I’m thrilled to introduce a powerful new addition to the big-bear-scripts collection: the check-for-unicode script. This tool is designed to provide robust security by identifying subtle yet dangerous Unicode characters that can be exploited in various attacks.

The Problem: Hidden Dangers in Plain Sight

Unicode, while essential for global communication, also allows for complex character behaviors that can be misused. Invisible characters, bidirectional text overrides, and visually similar “homoglyphs” can be employed to hide malicious code, manipulate text rendering, and facilitate sophisticated phishing or “Trojan Source” attacks (like CVE-2021-42574). These threats are often imperceptible to the human eye during code reviews or content moderation, posing a serious risk to supply chain security and the integrity of your code, especially for AI systems.
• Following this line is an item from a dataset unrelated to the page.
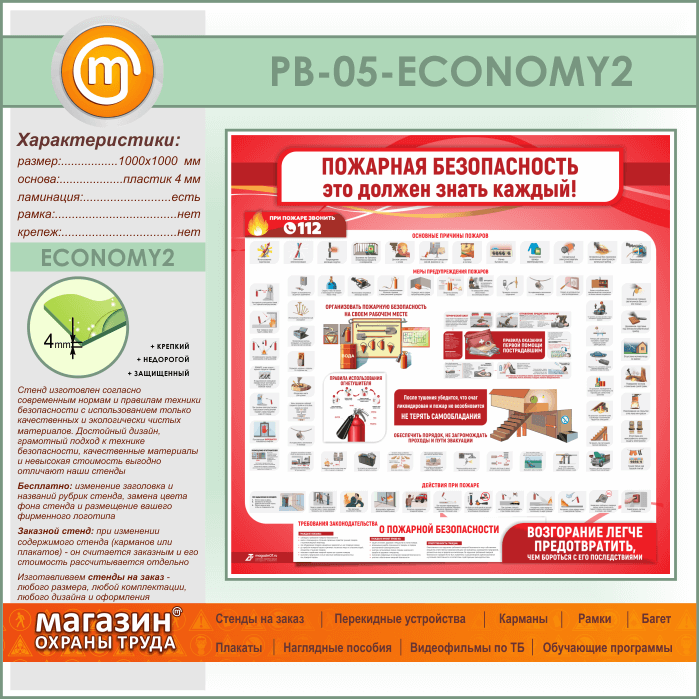 Стенд «Пожарная безопасность. Это должен знать каждый» (PB-05-ECONOMY2) в Красноярске купить

My Solution: Comprehensive Unicode Threat Detection

The new check-for-unicode/run.sh script offers a foundational scan to detect these hidden dangers.

What Does It Do?

This script detects over 50 types of potentially dangerous Unicode characters, providing comprehensive protection against:

  • Comprehensive Bidirectional Text Controls: Identifies characters used in “Trojan Source” attacks (CVE-2021-42574) that can visually reorder source code, making it appear different to humans than to compilers.
  • Expanded Invisible and Zero-Width Characters: Beyond common zero-width spaces, it targets a wide array of characters designed to be imperceptible. @done(2025-05-31 08:21 PM)
  • Annotation and Formatting Characters: Detects characters that can hide information or alter how text is interpreted and presented.
  • Line and Paragraph Separators: Pinpoints characters that can be abused to break parsing logic or manipulate document structure.
  • Variation Selectors: Uncovers characters that can subtly change the visual representation of other characters, facilitating visual spoofing.
  • Script-Specific Fillers and Other Formats: Covers additional characters used in various language scripts that could be leveraged maliciously.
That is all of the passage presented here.